Segment Start: Data provided

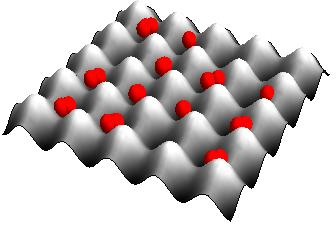 Optical lattice with distribution of superfluid atoms
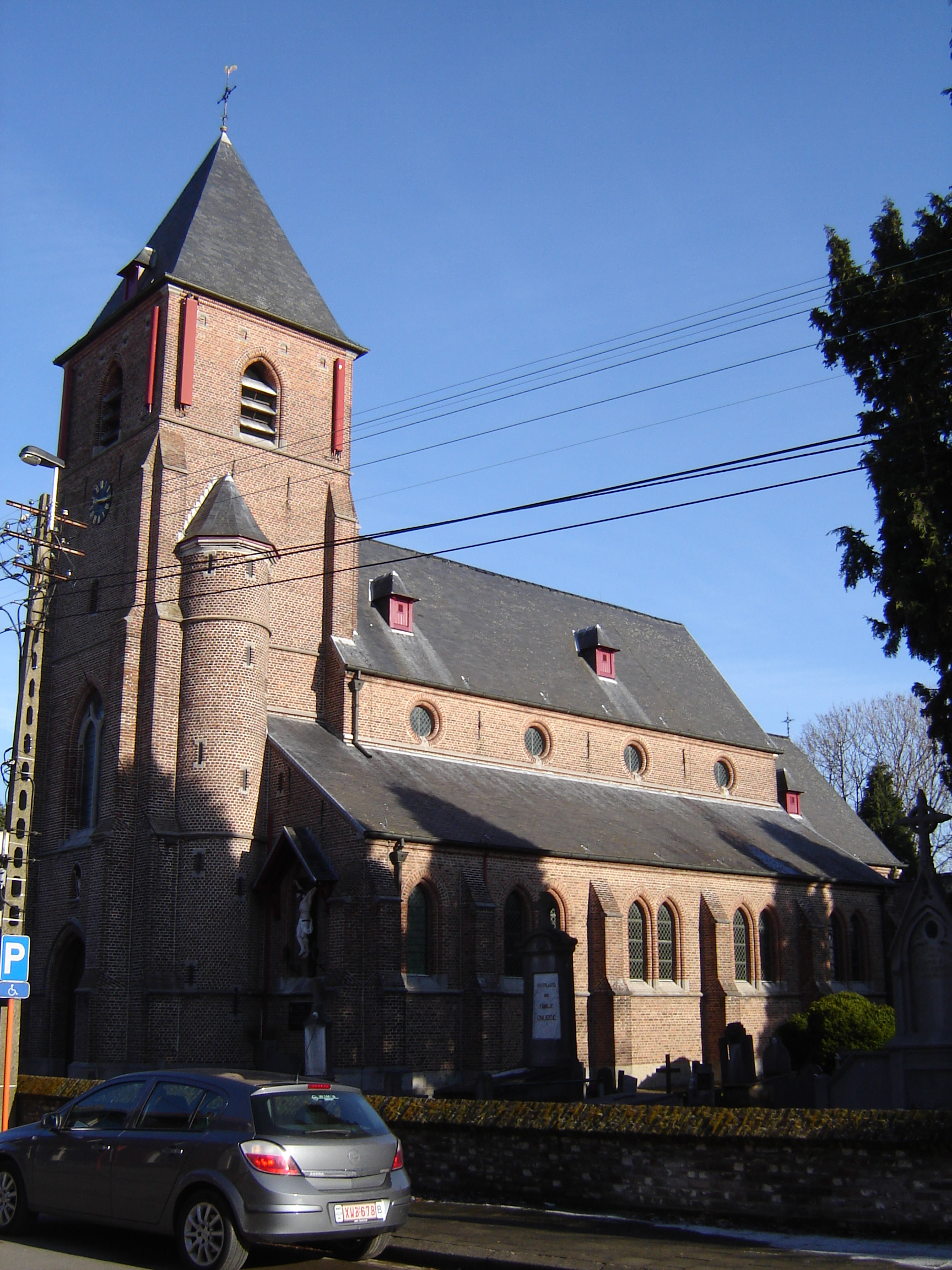 Church of Saint Amand in Heurne. Heurne, Oudenaarde, East Flanders, Belgium
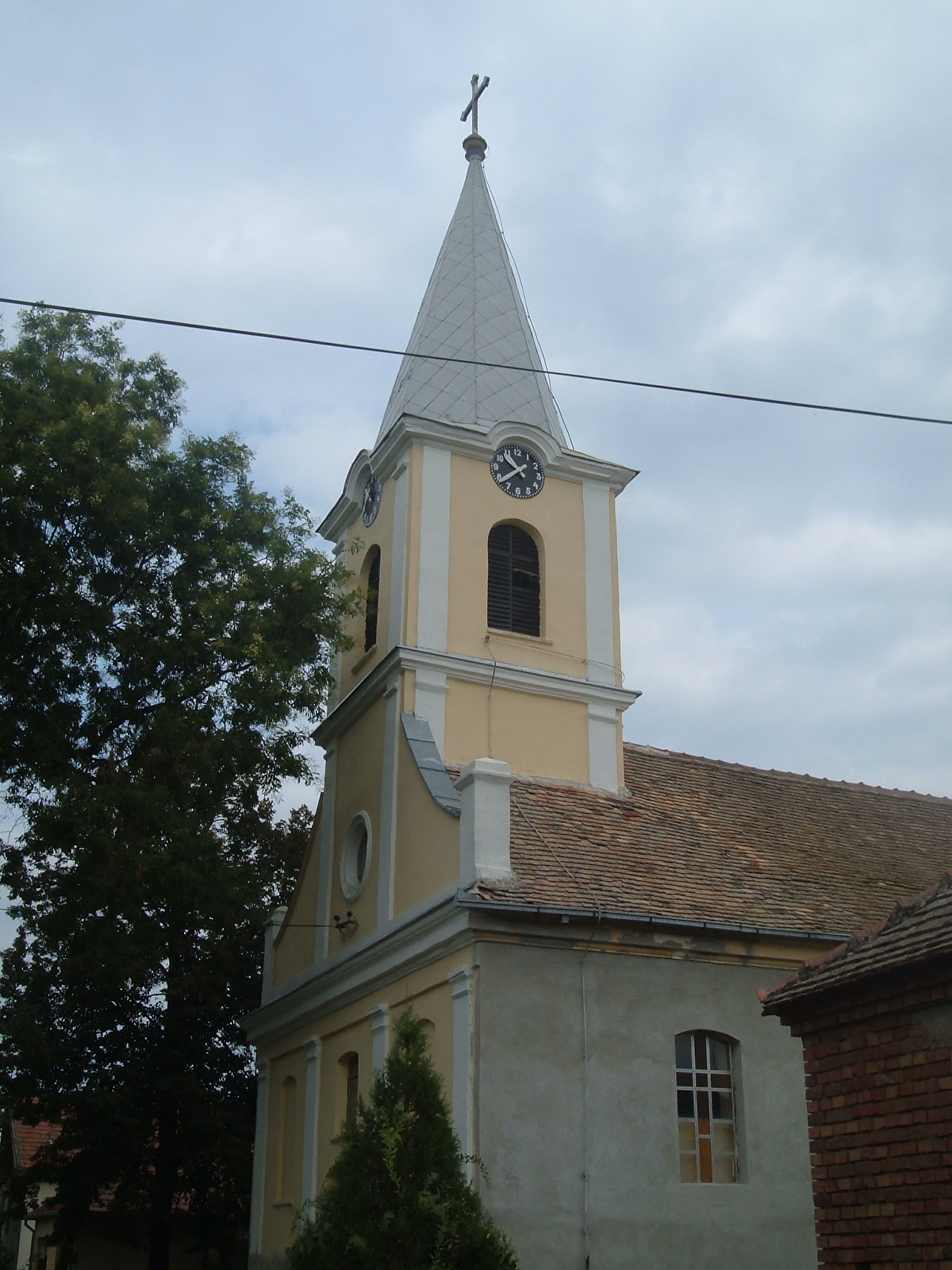 Konak village, Serbia, Catholic Church.

Segment End: Data provided

Retype the data exactly; images stay out.

 Optical lattice with distribution of superfluid atoms
 Church of Saint Amand in Heurne. Heurne, Oudenaarde, East Flanders, Belgium
 Konak village, Serbia, Catholic Church.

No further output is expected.